Das heisst Fälle von grossen Veränderungen in der Wirtschaftspolitik
(wo die wirtschaftspolitischen Massnahmen die massgebliche Rolle spielen, mit
Bezug auf das, was geschieht), welche eindeutig keine Reaktion auf den Zustand
des Konjunkturzyklus darstellen, erklärt Krugman.
Als
Beispiele verweist Krugman auf die Arbeit von Milton Friedman und Anna
Schwartz im Hinblick auf die Geldgeschichte, wo es nicht einfach um
Korrelationen geht. Die Forschung stützt sich dabei auf eine narrative Methode,
zu zeigen, dass die monetären Schwankungen mehr oder weniger exogen gewesen sind.
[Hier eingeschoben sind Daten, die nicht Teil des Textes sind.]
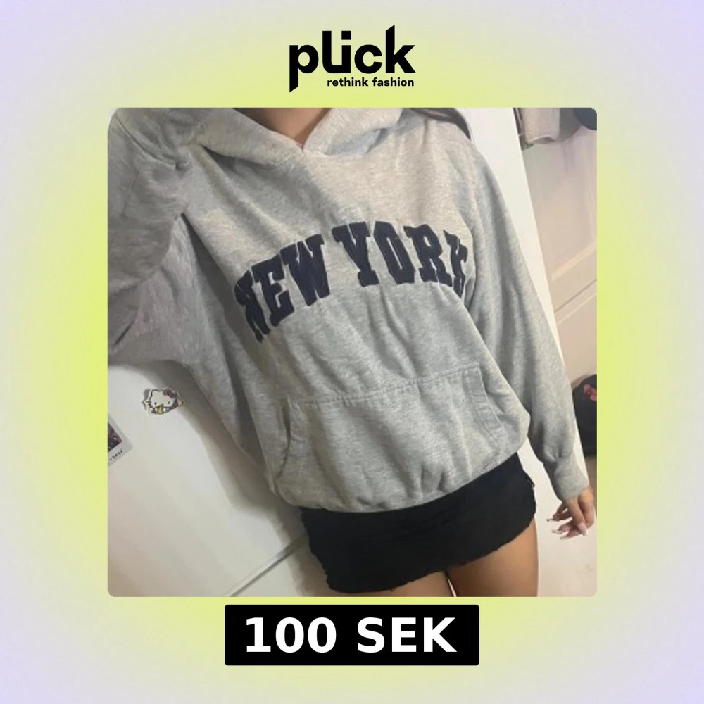 Säljer en grå hoodie med svart New York-tryck över bröstet. Tröjan har huva, känguruficka och långa ärmar. Perfekt för chill dagar och streetstyle. Mjuk och skön, passar till det mesta.

Man kann über die
Urteile von Friedman und Schwartz streiten, aber die Methode ist solide, betont
Krugman.
Aus demselben Grund stützten auch Christina
Romer und David Romer ihre
klassische Forschungsarbeit („Does Monetary Policy
Matter?“) im Hinblick auf die realen Auswirkungen der Geldpolitik auf die
von der Fed veröffentlichten Sitzungsnotizen (Fed minutes), um die hauptsächlichen Veränderungen der Geldpolitik
festzuhalten.
In
diesem Sinn bezieht sich eine ernsthafte Analyse der Fiskalpolitik viel auf „booms & busts“ von Staatsausgaben in
Kriegszeiten, welche bestimmt nicht als eine Antwort auf die Arbeitslosigkeit
erfolgen.
Wenn
man also die Auswirkungen der Fiskalpolitik in den vergangenen Jahren
analysieren will, soll man nicht auf relativ kleine Ereignisse schauen, sondern
z.B. auf die Austeritätspolitik in Europa, unterstreicht Krugman
weiter.
Die
Austeritätsmassnahmen heben zwei Eigenschaften aus Sicht der
Wirtschaftsforschung hervor: (1) Sie sind riesig. Die Austeritätsmassnahmen
machen in Griechenland 16% des BIP aus, was für die USA ein Äquivalent von
jährlich 2‘500 Mrd. $ bedeutet. (2) Sie haben hauptsächlich damit zu tun, wenn
es um Schwierigkeiten mit derm Marktzugang geht, nicht mit dem Zustand der
Wirtschaft. Das heisst, dass sie relativ exogen
sind. Nur relativ, weil man befürchten muss, dass die Austerität schliesslich nur
für Volkswirtschaften, die ohnehin in Schwierigkeiten wären, aufgezwungen wird.
Der IWF hat hierbei versucht,
korrigierend einzugreifen, mit Fokus auf Prognosefehler. Die Ergebnisse sind
jedoch ziemlich ähnlich, hält Krugman als Fazit fest.